Visual Semantic Embedding
The first part of the project is the one that transforms the input picture into captions. Captions describes briefly the picture as is shown in the example below.
A white dog that is looking at a frizbee Small white dog with green and white boe tie on A white dog with black spots is sitting on the grass
The model employed to generate this captions is composed by two different networks. First one is a convolutional neural network in order to extract a set of feature vectors refered as annotation vectors.
The second part of the model is a long short-term memory (LSTM) network that produces a caption by generating one word at every time step conditioned on a context vector, the previous hidden state and the previously generated words.

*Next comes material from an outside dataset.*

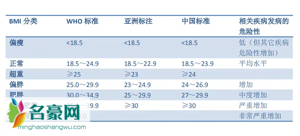如果一个人的BMI指数低于18.5,他被认为是瘦的,18.5到23.9之间是正常的,24到27之间是超重的,大于32是超重的。这些数据在男性和女性中也很常见。当然,BMI指数只是一个参考,它相对简单和粗糙。

Skipthought Vectors by R. Kiros is a model that generates generic sentences representations that can be used in different task. In particular for this project the idea is train an encoder-decoder model that tries to reconstruct the surrounding sentences of an encoded passage using the continuity of text from books.

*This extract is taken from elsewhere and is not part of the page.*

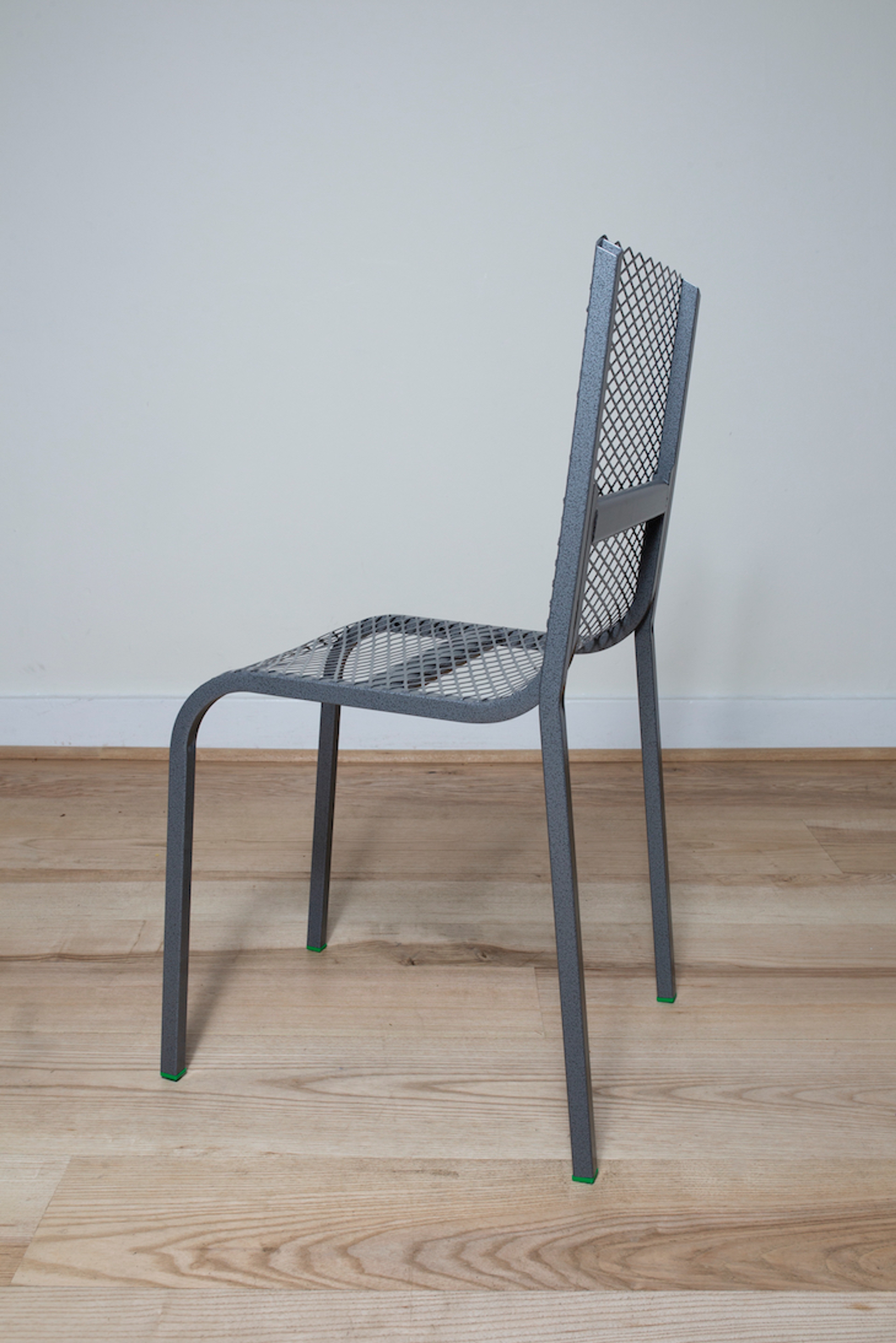 A lightweight chair in bent box section and expanded mesh. Part of a series of one-off/improvised chairs for Redemption Roasters.

The model is an ecoder-decoder model. The encoder is used to map a sentence into a vector. The decoder then conditions on this vector to generate a translation for the source sentence.

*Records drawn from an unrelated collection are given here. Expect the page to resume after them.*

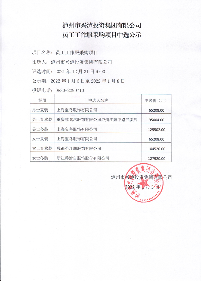 瀘州市興瀘投資集團有限公司員工工作服采購項目中選公示
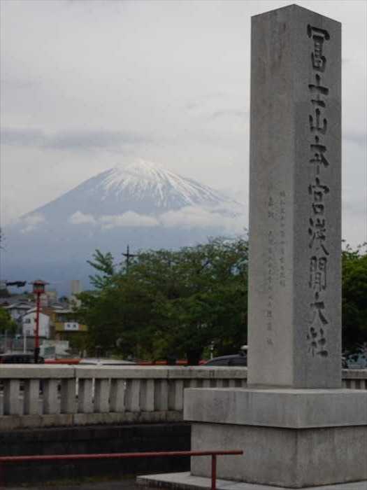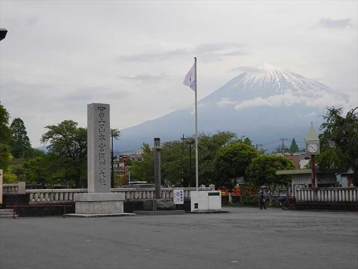 富士山と社号標石「 冨士山本宮浅間大社 」。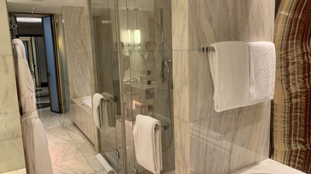 Der opulente Stil mit Wänden aus Marmor und den edlen Akzenten passt auf jeden Fall zum Ambiente und dem Anspruch des Hotels. Ein besonderes Highlight ist der kleine Fernseher, der im Hauptspiegel in der Nähe des Waschbeckens integriert ist.

The vocaulary used has been expanded using google news pretrained vectors by generating a linear regressor that maps words in the founded in books vocabulary to words in this vectors.
Attending to skipthoughts functioning if the sentences given to the encoder from the VSE are short descriptive sentences the final output will be a short sentence. For that reason if the desired output is a more literary passage we need to make a style shifting. That means to operate with skipthought vectors representations to set the input to the characteristics we want to induce in the output. The operation is the following:
Skipthoughts Decoder Input = Encoded Captions of the picture - Average All Captions Encoded + Encoded Passages with similar lenght and features as the output we expect
This project has been deployed using Azure Machine Learning Services Workspaces to generate the Docker image with the files and all models involved in prediction. The deployment for consumption has been made using Azure Kubernetes Services to automatically scale the solution.
Train your own model
For train new models:
Create conda environment:
conda env create --file environment.yml
Activate conda env:
Set paths to your books or texts and your training settings in config.py
Run training.py to train a encoder, generate necessary files and train a decoder based on your texts
Generate bias: Mean of encoded sentences and mean of encoded captions
To generate stories run the following on a python console:
>story_generator = generate.StoryGenerator()